What you need to do:
Within the listing below, give again exactly the lines between the one containing "E-bike、電動摩托車及智能手機等產(chǎn)品應(yīng)用高安全電池材料 STOBA 在其電池產(chǎn)品。" and the one containing "鳥のさえずりを聞きながら、川辺で自作のお風呂を楽しむ", inclusive, pictures left aside.

Input for this task:
- Opening Delimiter -
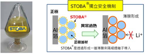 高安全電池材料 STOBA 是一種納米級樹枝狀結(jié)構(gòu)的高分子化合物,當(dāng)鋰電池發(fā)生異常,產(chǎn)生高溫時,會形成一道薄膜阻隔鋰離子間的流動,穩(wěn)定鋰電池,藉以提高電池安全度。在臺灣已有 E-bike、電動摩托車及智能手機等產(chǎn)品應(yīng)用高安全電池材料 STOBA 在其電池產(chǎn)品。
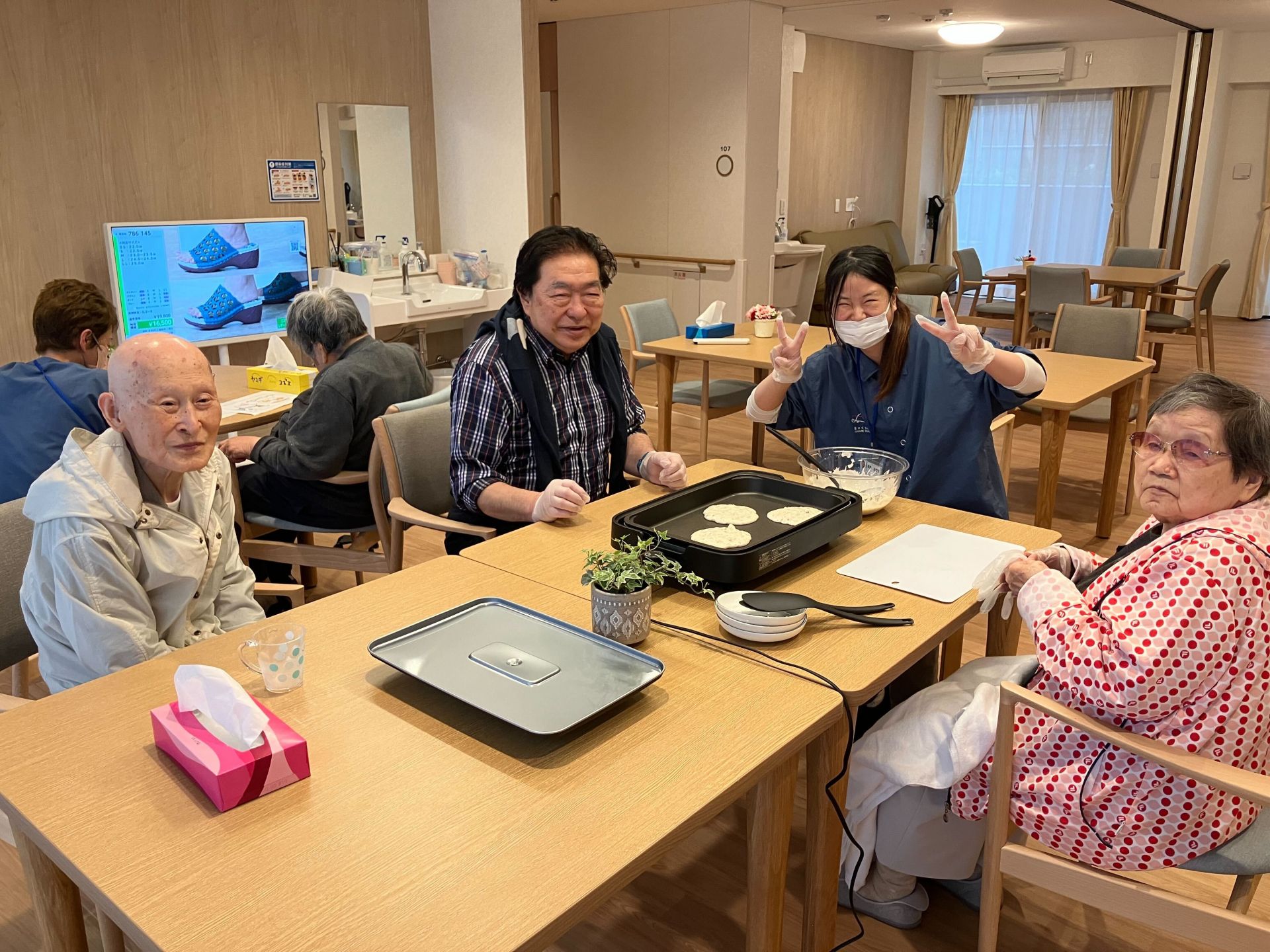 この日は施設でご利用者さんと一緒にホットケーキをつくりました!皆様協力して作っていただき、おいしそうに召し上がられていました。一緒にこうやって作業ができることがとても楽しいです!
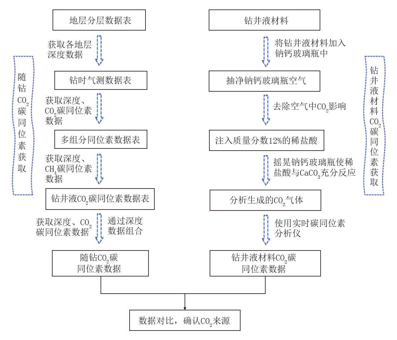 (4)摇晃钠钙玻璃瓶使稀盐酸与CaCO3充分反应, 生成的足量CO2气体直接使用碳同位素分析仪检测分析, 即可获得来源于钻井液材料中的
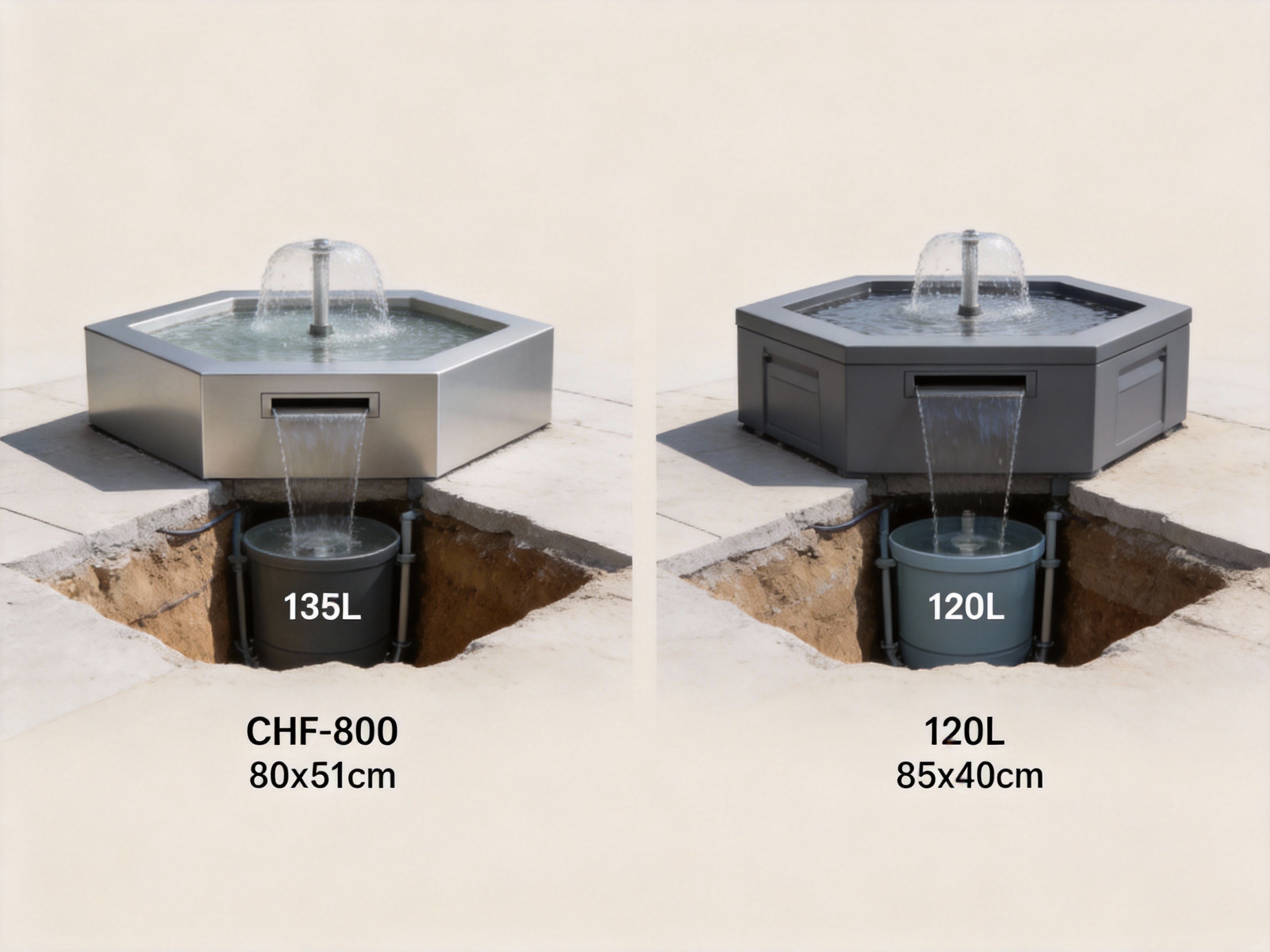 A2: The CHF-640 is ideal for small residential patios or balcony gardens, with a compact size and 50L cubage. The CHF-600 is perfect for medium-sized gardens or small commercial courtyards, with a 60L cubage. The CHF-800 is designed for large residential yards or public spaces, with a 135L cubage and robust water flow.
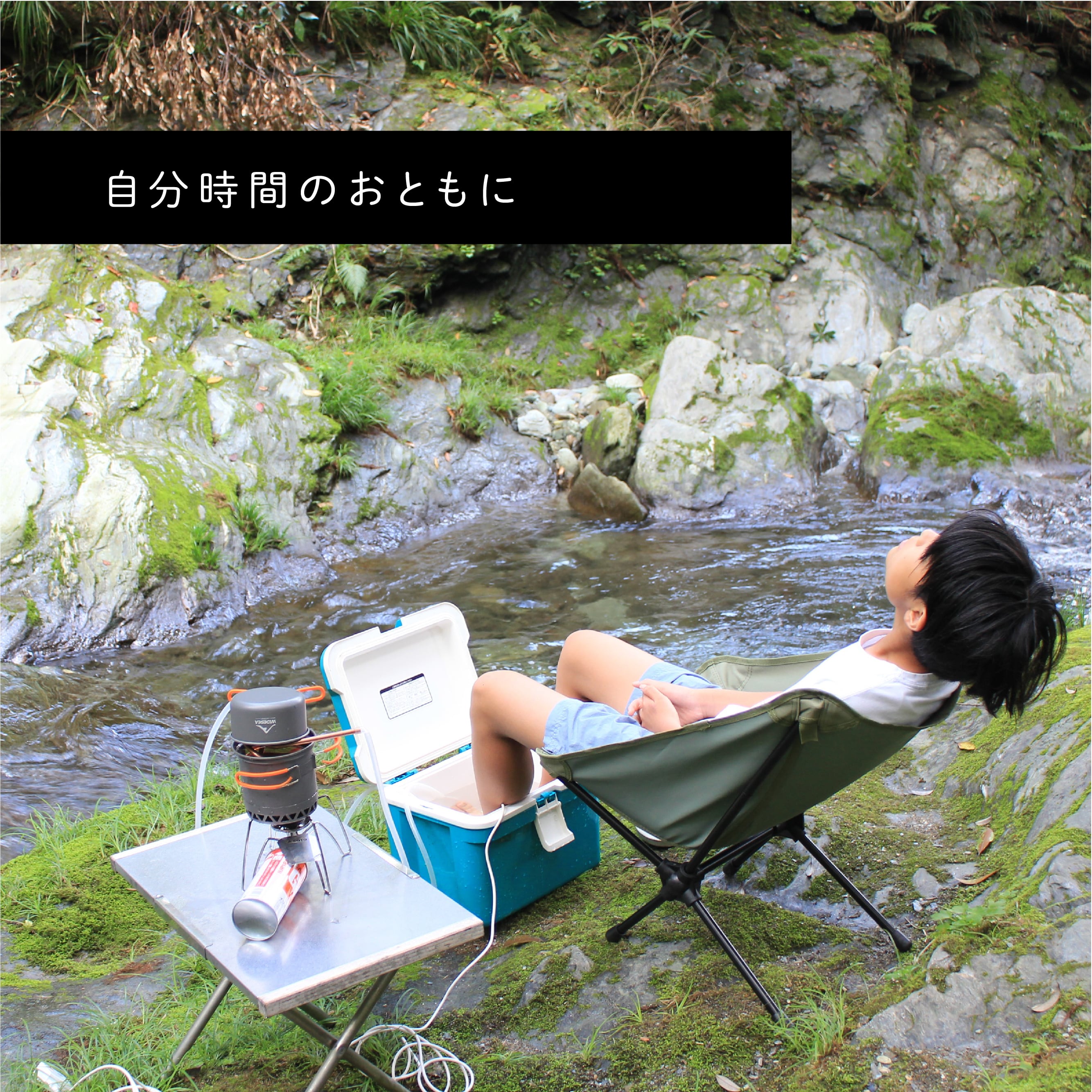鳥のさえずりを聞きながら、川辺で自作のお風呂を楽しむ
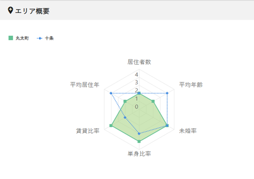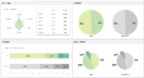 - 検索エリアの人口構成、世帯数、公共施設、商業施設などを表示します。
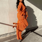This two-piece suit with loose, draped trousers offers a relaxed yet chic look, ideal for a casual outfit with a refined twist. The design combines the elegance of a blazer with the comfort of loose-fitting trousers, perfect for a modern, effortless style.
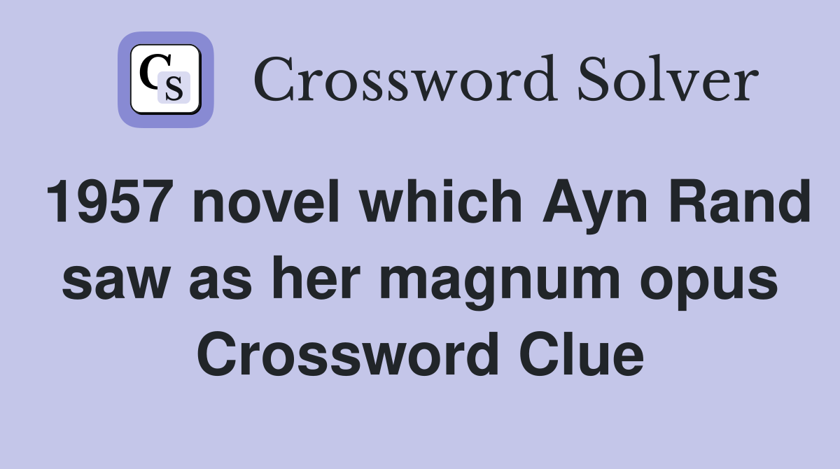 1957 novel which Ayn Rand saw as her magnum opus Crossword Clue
- Closing Delimiter -
- Opening Delimiter -
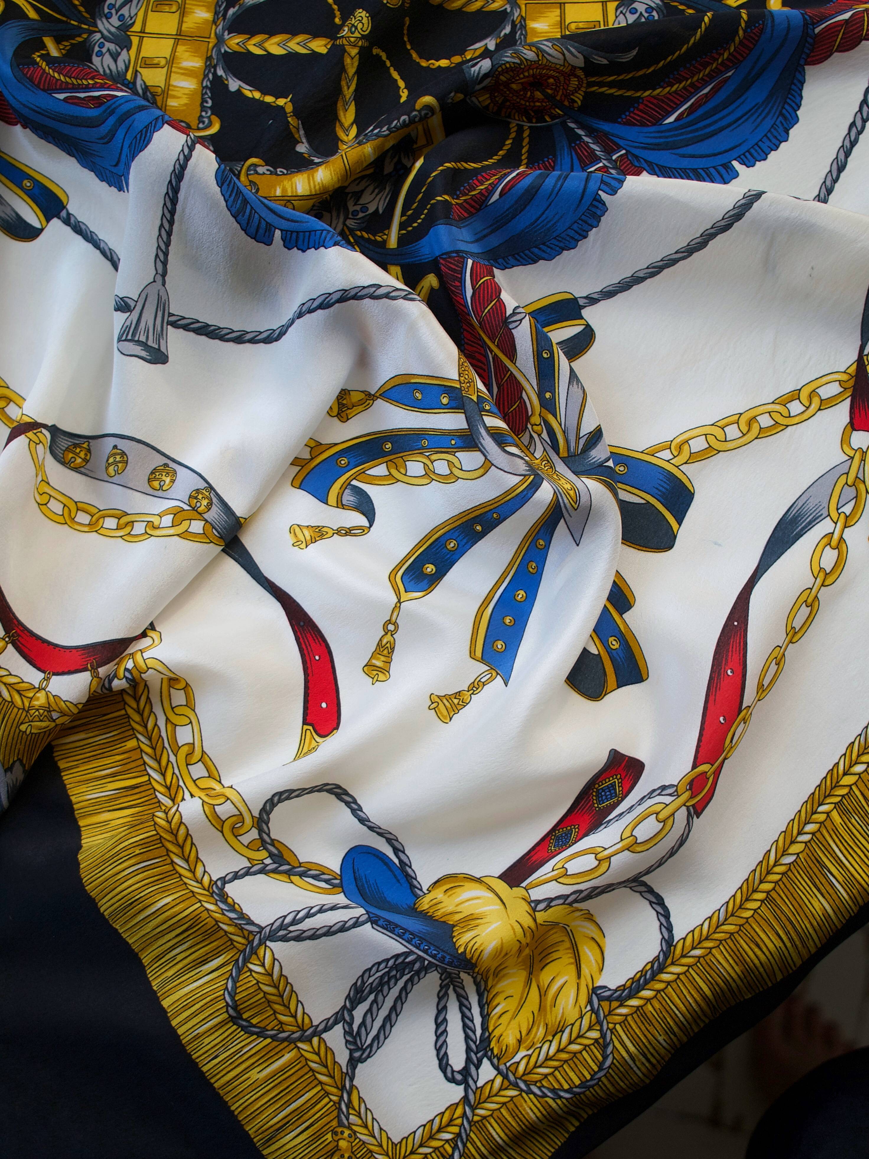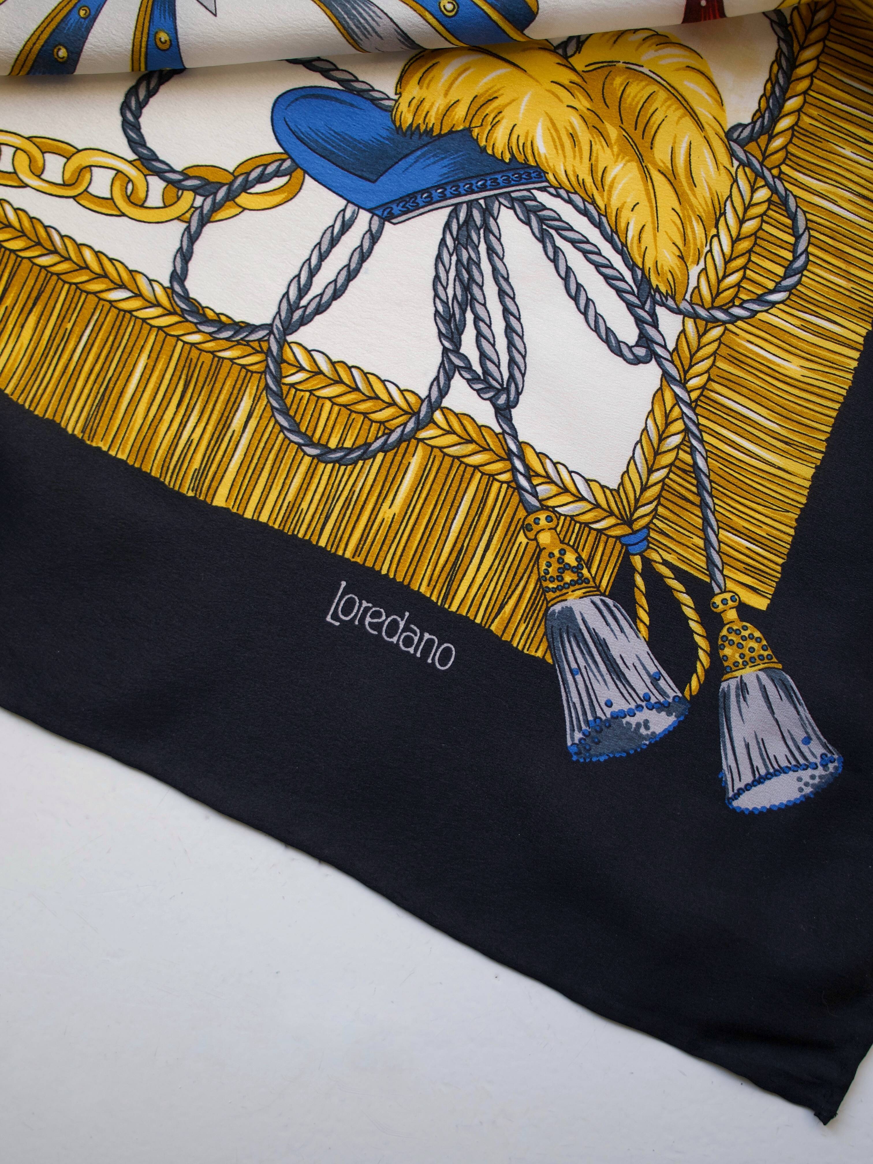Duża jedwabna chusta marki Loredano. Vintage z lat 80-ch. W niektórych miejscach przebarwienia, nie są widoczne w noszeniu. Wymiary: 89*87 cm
- Closing Delimiter -
- Opening Delimiter -
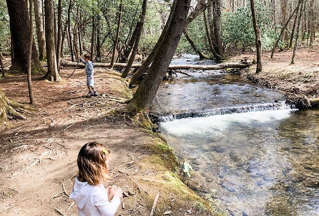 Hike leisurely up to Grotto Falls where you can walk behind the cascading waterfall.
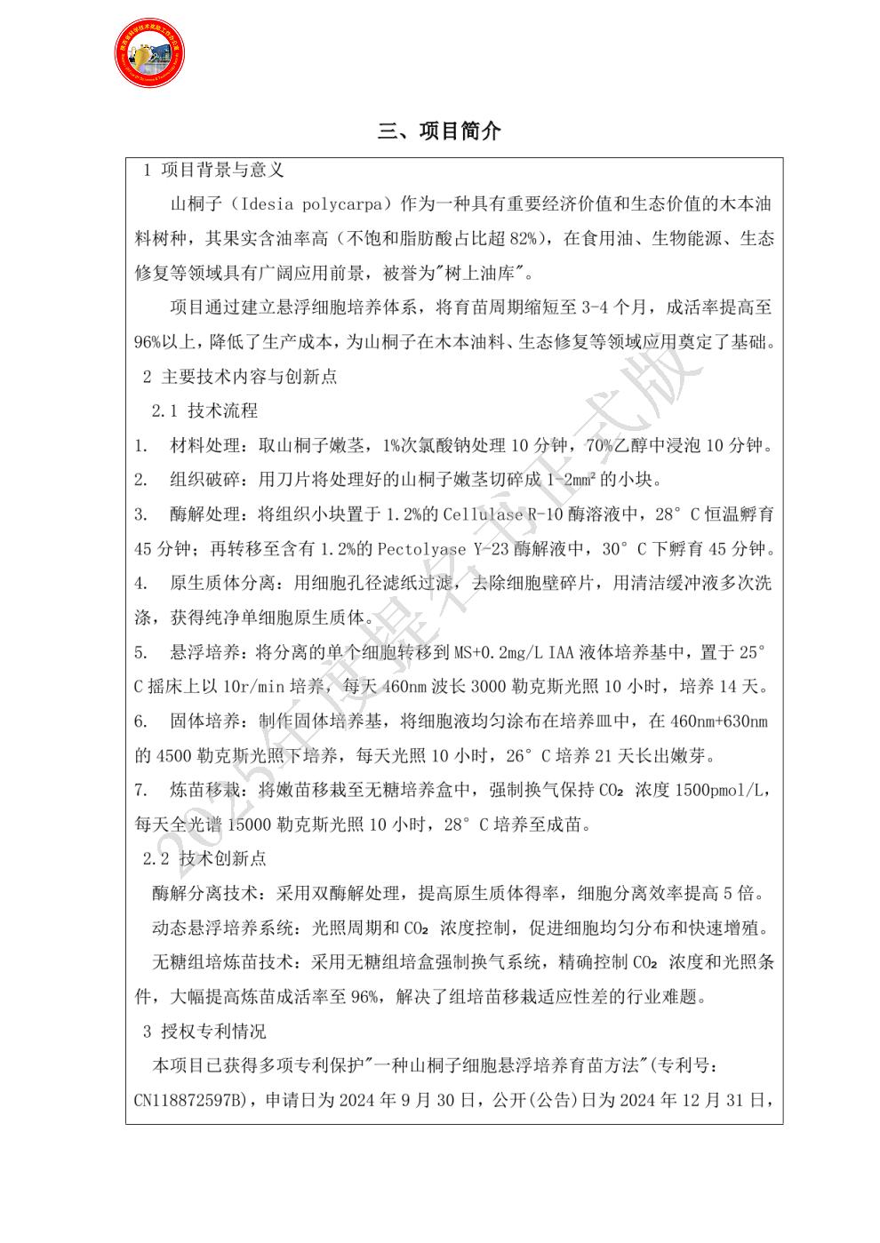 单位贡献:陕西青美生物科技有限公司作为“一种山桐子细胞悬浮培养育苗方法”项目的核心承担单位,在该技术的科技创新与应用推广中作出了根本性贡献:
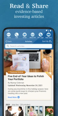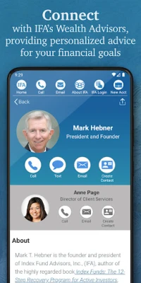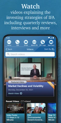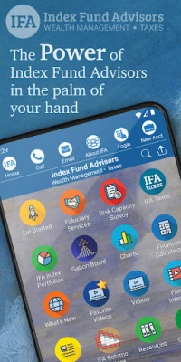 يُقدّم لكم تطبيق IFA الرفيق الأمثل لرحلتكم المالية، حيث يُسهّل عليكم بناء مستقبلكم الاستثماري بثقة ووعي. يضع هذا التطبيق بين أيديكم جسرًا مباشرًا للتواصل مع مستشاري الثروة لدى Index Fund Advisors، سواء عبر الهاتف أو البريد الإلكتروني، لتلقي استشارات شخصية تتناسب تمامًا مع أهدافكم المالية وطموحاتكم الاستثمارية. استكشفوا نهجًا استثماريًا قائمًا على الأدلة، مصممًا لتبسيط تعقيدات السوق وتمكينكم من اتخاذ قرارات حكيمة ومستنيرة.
- Closing Delimiter -
Result of this task:
 高安全電池材料 STOBA 是一種納米級樹枝狀結(jié)構(gòu)的高分子化合物,當(dāng)鋰電池發(fā)生異常,產(chǎn)生高溫時,會形成一道薄膜阻隔鋰離子間的流動,穩(wěn)定鋰電池,藉以提高電池安全度。在臺灣已有 E-bike、電動摩托車及智能手機等產(chǎn)品應(yīng)用高安全電池材料 STOBA 在其電池產(chǎn)品。
 この日は施設でご利用者さんと一緒にホットケーキをつくりました!皆様協力して作っていただき、おいしそうに召し上がられていました。一緒にこうやって作業ができることがとても楽しいです!
 (4)摇晃钠钙玻璃瓶使稀盐酸与CaCO3充分反应, 生成的足量CO2气体直接使用碳同位素分析仪检测分析, 即可获得来源于钻井液材料中的
 A2: The CHF-640 is ideal for small residential patios or balcony gardens, with a compact size and 50L cubage. The CHF-600 is perfect for medium-sized gardens or small commercial courtyards, with a 60L cubage. The CHF-800 is designed for large residential yards or public spaces, with a 135L cubage and robust water flow.
鳥のさえずりを聞きながら、川辺で自作のお風呂を楽しむ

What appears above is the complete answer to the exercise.